## WHAT YOU WILL DO
Below are records to be copied exactly; their pictures are to be omitted.

## RECORDED DATA
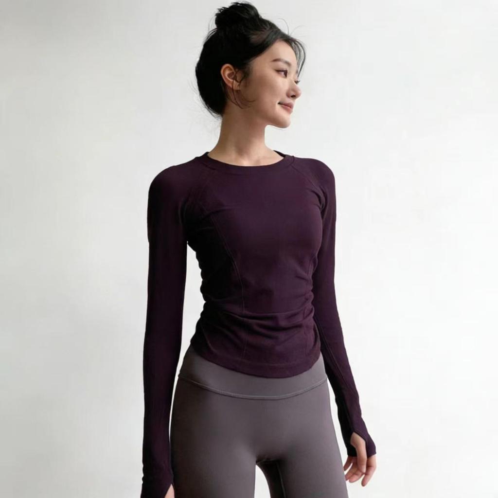 Damska dopasowana koszulka do jogi z długim rękawem, szybkoschnąca, z okrągłym dekoltem, idealna do biegania, pilatesu, treningu i fitnessu.
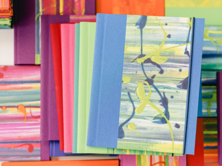 Format 23 x 32 mit 3cm Füllmenge. Eingebunden in Gewebe (Buchbinderleinen) und überzogen mit farbenfrohem handgemachtem Papier, drei Klappen aus Fotokarton und ein Gummi als Verschluss.
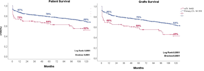Material and methods: Retrospective analysis of patients >18 years old who received LTx or re-transplant (re-Tx) between June 1995 and March 2022. Donor’s and recipient’s clinical variables, including graft and patient were analyzed. Statistical analysis was performed with SPSS version 25.0.
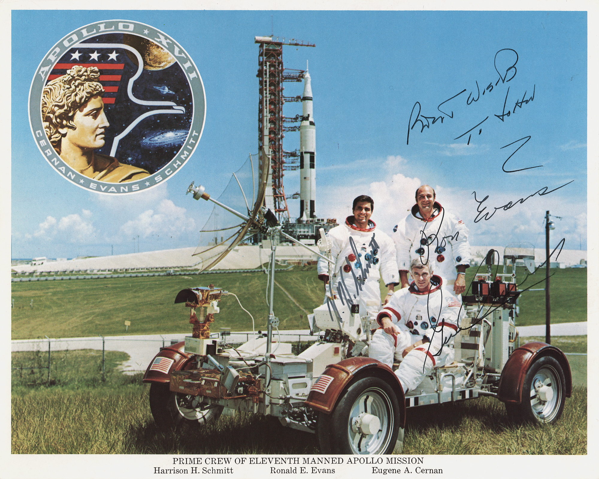 Official color 10 x 8 NASA lithograph of the crew of Apollo 17 posing outside in their white space suits with the lunar rover on a sunny day, with the Saturn V rocket looming in the background, signed and inscribed in black ink, "Best wishes to John, Gene Cernan" and "Ron Evans," and in black felt tip, "H. H. Schmitt.” In very fine condition.
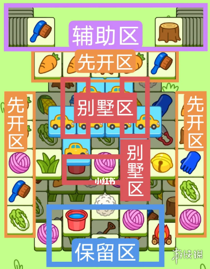 2.必要时可以用盲盒区辅助消除表面牌,尽量还是以别墅区内互相消除为主。
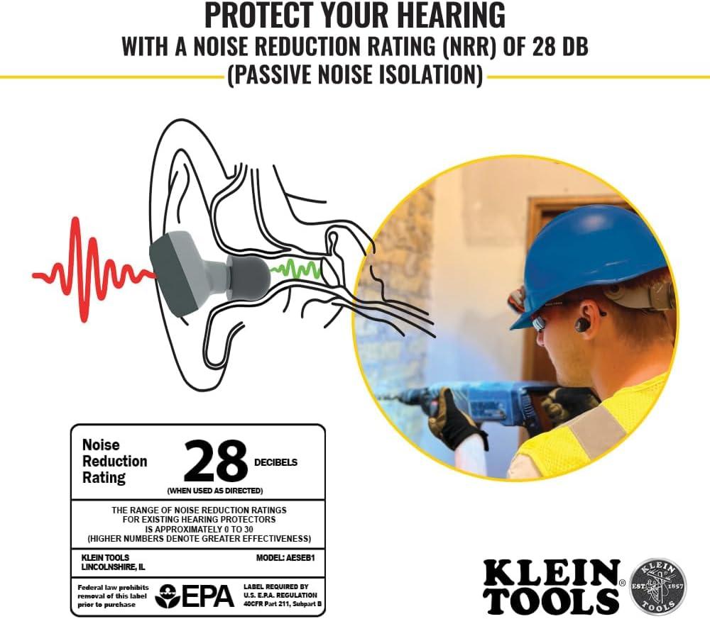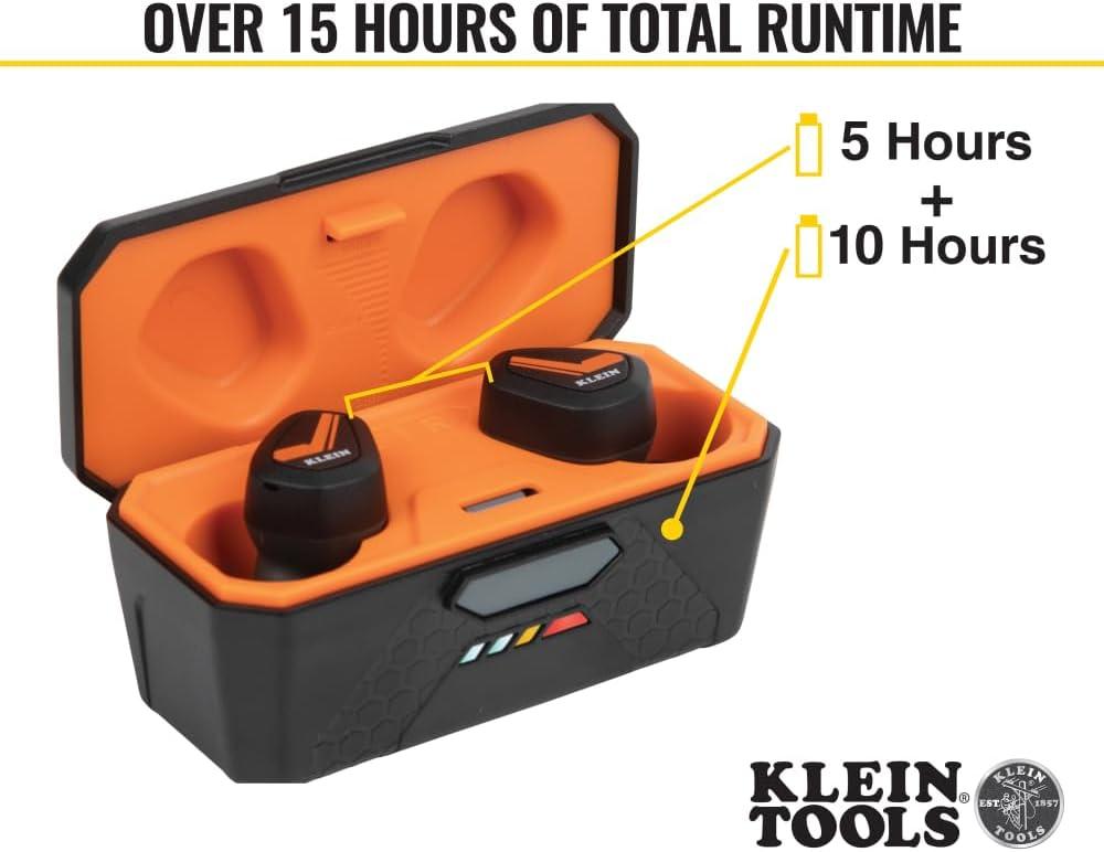 Klein Tools Bluetooth Earbuds provide passive hearing protection while simultaneously delivering a balanced high-quality audio experience. These true wireless earbuds feature an NRR of 28 when used with the included memory foam tips while the silicone tips offer comfort and secure fit for casual use. All-day battery life with 5+ hours of playtime from a single charge and an extra 10+ hours with the compact charging case. For more than 160 years, Klein Tools has manufactured premium-quality, professional-grade hand tools that deliver the performance, durability and precision needed to get the job done right. Our family of engineers, workers and craftsman continue to put six generations of expertise into every tool we create by using only the highest quality materials, superior workmanship, and keeping manufacturing as close to home as we can. Klein isn't just the name of our company, it's also our family name. And since we're an American company that's family-owned and family-run, you know you can count on us to be here tomorrow. Klein Tools doesn't just make great products, we make great products that stand up to the demands of the professionals who use them every day … Since 1857.
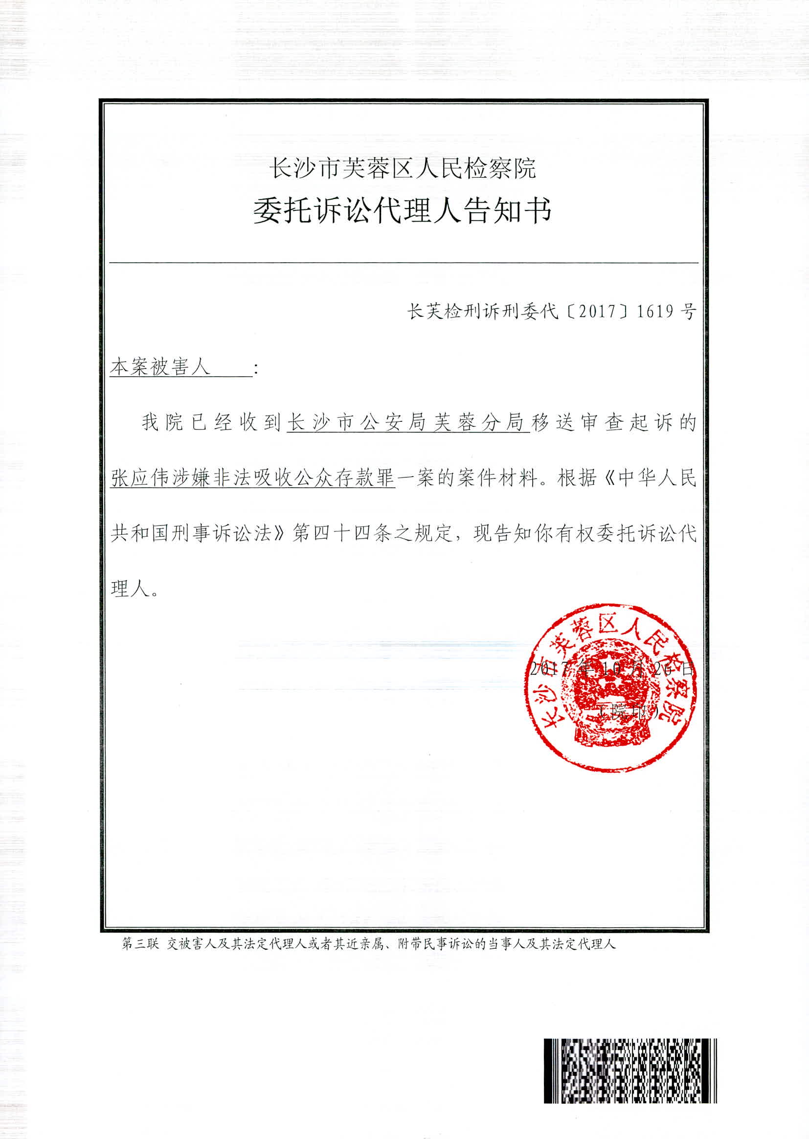 张应伟涉嫌非法吸收公众存款罪权利义务告知书
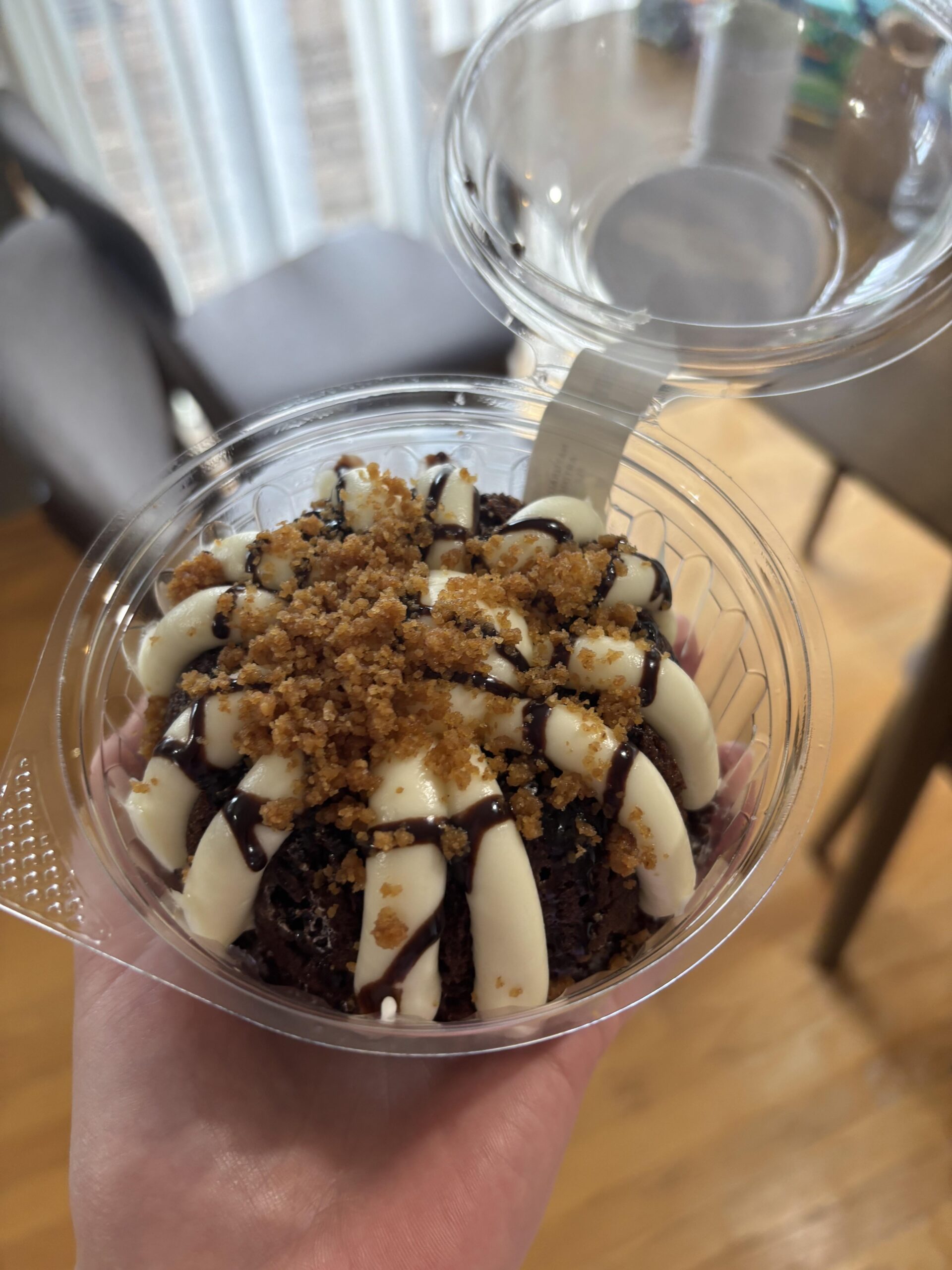 Chocolate paleta then covered in marshmallow cream that was toasted, then drizzled with chocolate, and then graham cracker crumb on top. Absolutely heavenly.

## EXERCISE OUTPUT
 Damska dopasowana koszulka do jogi z długim rękawem, szybkoschnąca, z okrągłym dekoltem, idealna do biegania, pilatesu, treningu i fitnessu.
 Format 23 x 32 mit 3cm Füllmenge. Eingebunden in Gewebe (Buchbinderleinen) und überzogen mit farbenfrohem handgemachtem Papier, drei Klappen aus Fotokarton und ein Gummi als Verschluss.
Material and methods: Retrospective analysis of patients >18 years old who received LTx or re-transplant (re-Tx) between June 1995 and March 2022. Donor’s and recipient’s clinical variables, including graft and patient were analyzed. Statistical analysis was performed with SPSS version 25.0.
 Official color 10 x 8 NASA lithograph of the crew of Apollo 17 posing outside in their white space suits with the lunar rover on a sunny day, with the Saturn V rocket looming in the background, signed and inscribed in black ink, "Best wishes to John, Gene Cernan" and "Ron Evans," and in black felt tip, "H. H. Schmitt.” In very fine condition.
 2.必要时可以用盲盒区辅助消除表面牌,尽量还是以别墅区内互相消除为主。
 Klein Tools Bluetooth Earbuds provide passive hearing protection while simultaneously delivering a balanced high-quality audio experience. These true wireless earbuds feature an NRR of 28 when used with the included memory foam tips while the silicone tips offer comfort and secure fit for casual use. All-day battery life with 5+ hours of playtime from a single charge and an extra 10+ hours with the compact charging case. For more than 160 years, Klein Tools has manufactured premium-quality, professional-grade hand tools that deliver the performance, durability and precision needed to get the job done right. Our family of engineers, workers and craftsman continue to put six generations of expertise into every tool we create by using only the highest quality materials, superior workmanship, and keeping manufacturing as close to home as we can. Klein isn't just the name of our company, it's also our family name. And since we're an American company that's family-owned and family-run, you know you can count on us to be here tomorrow. Klein Tools doesn't just make great products, we make great products that stand up to the demands of the professionals who use them every day … Since 1857.
 张应伟涉嫌非法吸收公众存款罪权利义务告知书
 Chocolate paleta then covered in marshmallow cream that was toasted, then drizzled with chocolate, and then graham cracker crumb on top. Absolutely heavenly.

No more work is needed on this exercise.